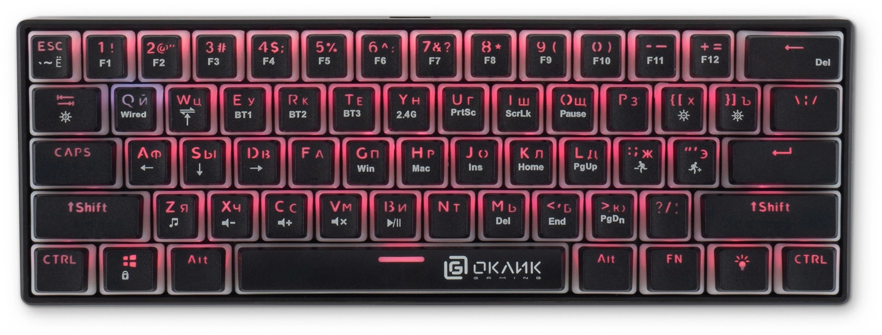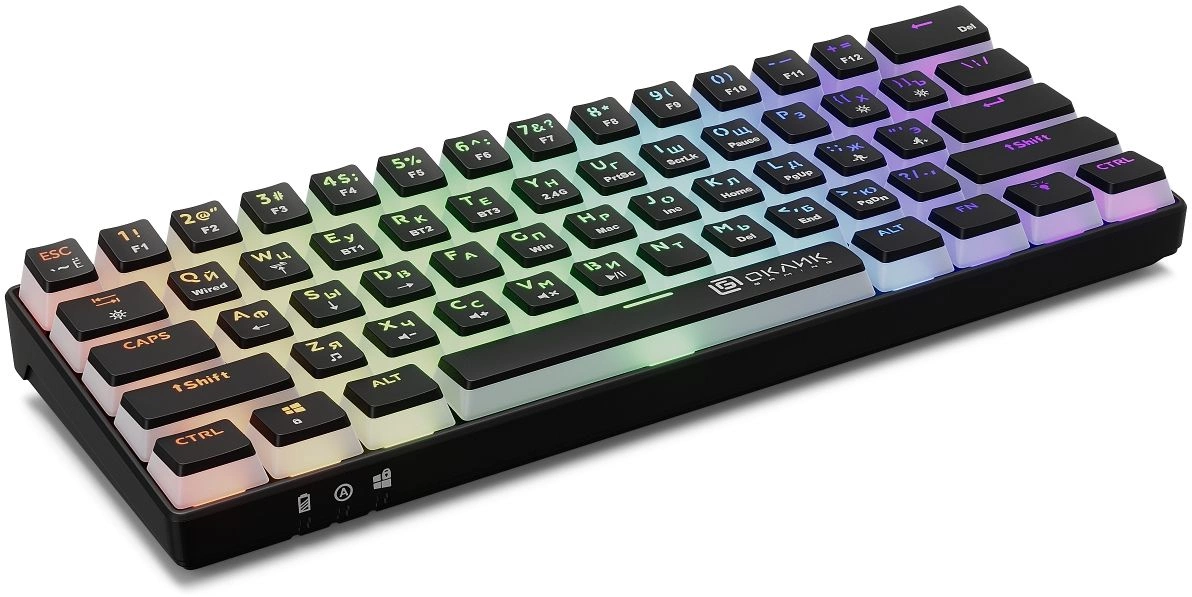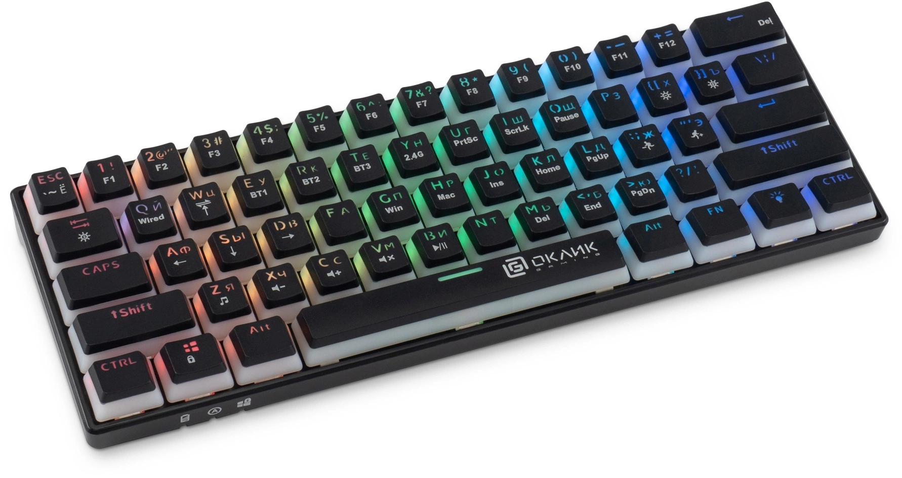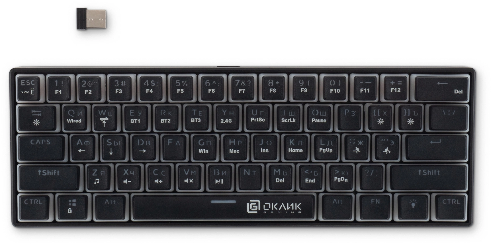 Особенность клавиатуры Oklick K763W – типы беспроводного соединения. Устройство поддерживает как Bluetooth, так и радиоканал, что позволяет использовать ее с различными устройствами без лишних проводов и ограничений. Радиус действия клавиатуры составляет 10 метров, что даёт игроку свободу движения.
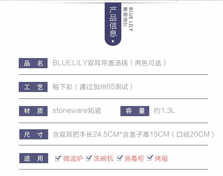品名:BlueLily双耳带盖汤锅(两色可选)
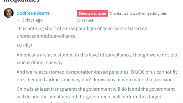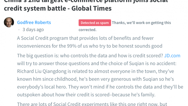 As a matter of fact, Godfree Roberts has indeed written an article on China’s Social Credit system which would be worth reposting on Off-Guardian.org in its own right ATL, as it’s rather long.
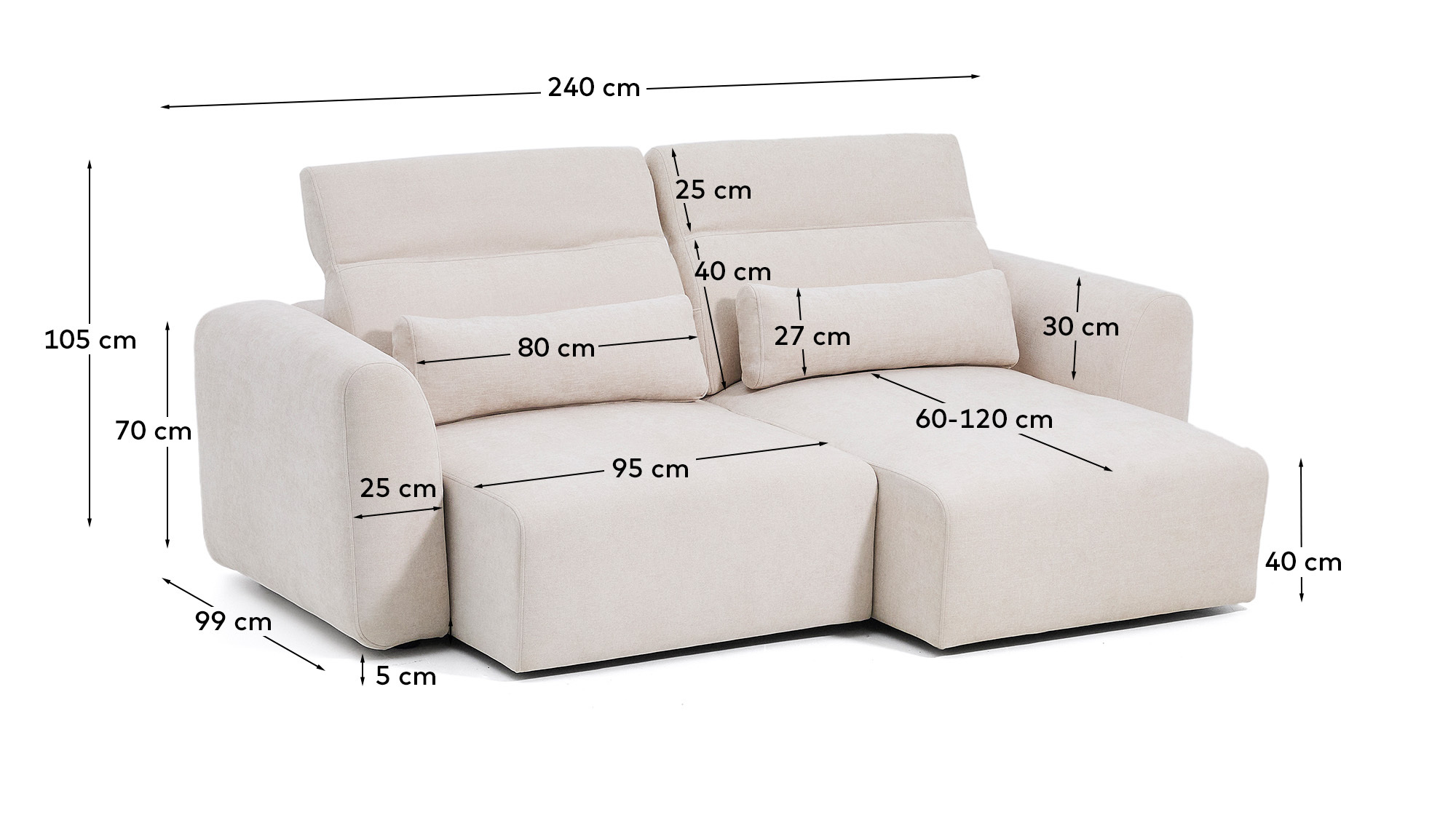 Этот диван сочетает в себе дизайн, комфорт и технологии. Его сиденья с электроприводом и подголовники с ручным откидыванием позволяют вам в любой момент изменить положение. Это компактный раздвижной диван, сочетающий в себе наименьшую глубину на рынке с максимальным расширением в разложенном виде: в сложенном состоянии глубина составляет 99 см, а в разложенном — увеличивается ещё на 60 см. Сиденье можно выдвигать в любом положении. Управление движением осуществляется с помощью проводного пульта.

= TRY IT =
Return the listing verbatim, pictures excluded.

= YOUR SOLUTION =
 Особенность клавиатуры Oklick K763W – типы беспроводного соединения. Устройство поддерживает как Bluetooth, так и радиоканал, что позволяет использовать ее с различными устройствами без лишних проводов и ограничений. Радиус действия клавиатуры составляет 10 метров, что даёт игроку свободу движения.
品名:BlueLily双耳带盖汤锅(两色可选)
 As a matter of fact, Godfree Roberts has indeed written an article on China’s Social Credit system which would be worth reposting on Off-Guardian.org in its own right ATL, as it’s rather long.
 Этот диван сочетает в себе дизайн, комфорт и технологии. Его сиденья с электроприводом и подголовники с ручным откидыванием позволяют вам в любой момент изменить положение. Это компактный раздвижной диван, сочетающий в себе наименьшую глубину на рынке с максимальным расширением в разложенном виде: в сложенном состоянии глубина составляет 99 см, а в разложенном — увеличивается ещё на 60 см. Сиденье можно выдвигать в любом положении. Управление движением осуществляется с помощью проводного пульта.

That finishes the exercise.